The Supreme Court of Appeal (SCA) has dismissed, with costs, an appeal by the directors of Fusion Guarantees (Pty) Ltd that challenged the procedural fairness of sections 154 and 167 of the Financial Sector Regulation Act (FSRA).
An investigation by the FSCA concluded that Fusion, a licensed credit provider, and its directors, Ilse and Eugene Becker, had contravened the Short-term Insurance Act.
In February 2020, the Authority notified Fusion and the Beckers that it intended to impose an administrative penalty of R200 million on Fusion and debar the Beckers for 15 years. The notice set out the factors the FSCA considered in determining the intended regulatory action. Fusion and the Beckers were afforded an opportunity to make submissions on the investigation report, the proposed administrative penalty, and the proposed debarment.
Fusion and the Beckers made detailed submissions. They also applied to the High Court in Pretoria to declare sections 154, 167, 230, and 231 of the FSRA unconstitutional and invalid. They did not persist with the challenge to section 230.
Section 154 requires the FSCA to invite and consider submissions before it issues a debarment order.
Section 167 empowers the FSCA to impose an administrative penalty on a person who has contravened a financial sector law.

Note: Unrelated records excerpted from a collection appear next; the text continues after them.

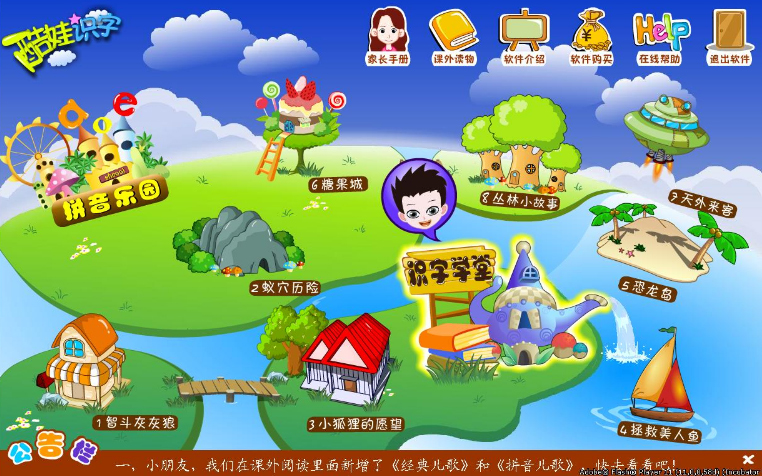 软件是真正的幼儿识字互动动画,让孩子在与酷娃一起历险的同时掌握知识,具有超强的可玩性和吸引力。
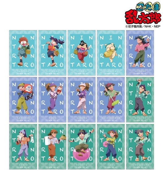 猪名寺乱太郎、摂津のきり丸、福富しんべヱ、ヘムヘム、久々知兵助、尾浜勘右衛門、不破雷蔵、鉢屋三郎、竹谷八左ヱ門、潮江文次郎、立花仙蔵、中在家長次、七松小平太、善法寺伊作、食満留三郎の描き下ろしイラストをクリアカードに仕上げました。
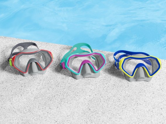 Kolorowa Maska do pływania Bestway® Crusader Mask została przeznaczona dla dzieci już od 7 roku życia i z pewnością sprawdzi się podczas pierwszych lekcji pływania. Została stworzona z myślą o komforcie i bezpieczeństwie najmłodszych pociech w czasie morskich odkryć. Dzięki regulowanym paskom maska bez problemu będzie mogła zostać dopasowana do głowy użytkownika. Maska została wykonana z poliwęglanu, dzięki czemu jest odporna na uderzenia. Posiada powłokę chroniącą przed promieniowaniem UV, chroniąc oczy dziecka przed ostrymi promieniami słonecznymi oraz podczas zanurzania się i nurkowania w wodzie.

Section 167(2) sets out the matters the Authority must and may consider in determining an appropriate penalty.
The High Court dismissed Fusion’s application in January 2022.
Grounds for the appeal
In their appeal before the SCA, the appellants contended that although sections 154 and 167 afforded them a right to make submissions to the FSCA concerning the sanctions that might be imposed upon them, the Act did not provide them with procedural fairness in respect of the Authority’s finding that they had contravened certain financial sector laws.
If the Authority is not required to invite and consider submissions from a person who has been investigated, as to whether he or she has contravened a financial sector law, before deciding this issue, then the FSRA does not respect the right to procedural fairness entrenched in section 33(1) of the Constitution.
It was submitted that the absence of a requirement for the FSCA to invite and consider such submissions exposed the Beckers to considerable risk. If the Authority issued a debarment order, they could apply to the Financial Services Tribunal for the decision to be reconsidered. But the process to secure a reconsideration takes time. “In the interim, the debarment is enforced, with its drastic consequences for the Beckers, both as to what they may not do and the public opprobrium they will suffer.” This is because section 231 provides that neither an application for a reconsideration of a decision nor the proceedings that follow suspend the decision of the Authority unless the Tribunal so orders.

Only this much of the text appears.